Goldman Sachs Chief Executive Officer David Solomon said India now had a very high growth trajectory, with a predicted growth of 6-7% over the next three years, the Economic Times reported on Wednesday.
Global CEOs are thinking about India as a big growth opportunity while recognizing some of the challenges with investing in the country, Solomon told the newspaper in an interview.
Solomon said over the period of a year, the global economy, and the United States in particular, have been “more resilient” than he would have expected, adding that there could be a period with “0-1% growth and 4% inflation – that will feel like a recession”.

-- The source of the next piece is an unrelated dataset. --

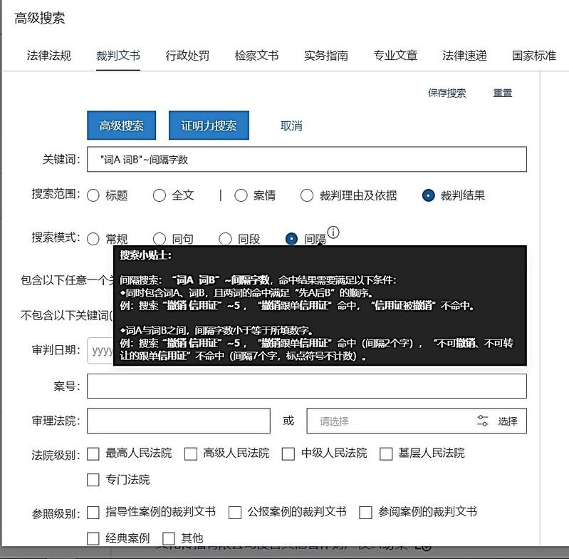 检索者根据检索目的更换检索词及间隔字数,想了解效果如何,可将鼠标光标放在搜索模式选项中的“间隔” 后上标的i 上面,会浮出“搜索小贴士”(见图1)。比如,调整间隔字数为14字以内的“命中结果”有所不同(见图3),可点击图中“裁判结果”查验“命中结果”。

There are significant macro signs to indicate slowing growth in the world, and it was hard to see a scenario where U.S. inflation goes back to 2% “anytime soon,” Solomon said.
“There are a bunch of significant macro trends that are inflationary, such as geopolitics, energy transition and supply chain adjustments — there are headwinds.”
After the U.S. regional banking crisis that followed Silicon Valley Bank’s collapse in March, Federal regulators and the Treasury Department welcomed a decision by 11 larger banks to deposit $30 billion into First Republic Bank. Goldman Sachs was one of the banks involved in the rescue.
Solomon said the regional banking crisis was short term, affecting a handful of banks with very specific business models. But the banking system in the U.S. is dealing with a handful of issues which will ultimately require more capital, triggering more consolidation, he told ET.